ENTRIES SUPPLIED ▸
__________________________________________________

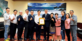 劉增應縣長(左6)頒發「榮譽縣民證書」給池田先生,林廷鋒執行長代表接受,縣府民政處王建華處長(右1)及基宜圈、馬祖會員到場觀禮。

__________________________________________________

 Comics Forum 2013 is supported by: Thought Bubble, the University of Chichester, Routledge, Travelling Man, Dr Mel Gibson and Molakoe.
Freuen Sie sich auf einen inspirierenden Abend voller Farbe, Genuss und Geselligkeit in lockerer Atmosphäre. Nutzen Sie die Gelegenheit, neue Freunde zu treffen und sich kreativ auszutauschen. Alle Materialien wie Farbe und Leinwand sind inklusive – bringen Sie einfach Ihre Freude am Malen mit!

__________________________________________________

TASK INSTRUCTIONS ▸ In the listing above, locate the line containing "Comics Forum 2013" and the line containing "Freuen Sie sich", then transcribe both and every line between them verbatim.

YOUR SOLUTION ▸
 Comics Forum 2013 is supported by: Thought Bubble, the University of Chichester, Routledge, Travelling Man, Dr Mel Gibson and Molakoe.
Freuen Sie sich auf einen inspirierenden Abend voller Farbe, Genuss und Geselligkeit in lockerer Atmosphäre. Nutzen Sie die Gelegenheit, neue Freunde zu treffen und sich kreativ auszutauschen. Alle Materialien wie Farbe und Leinwand sind inklusive – bringen Sie einfach Ihre Freude am Malen mit!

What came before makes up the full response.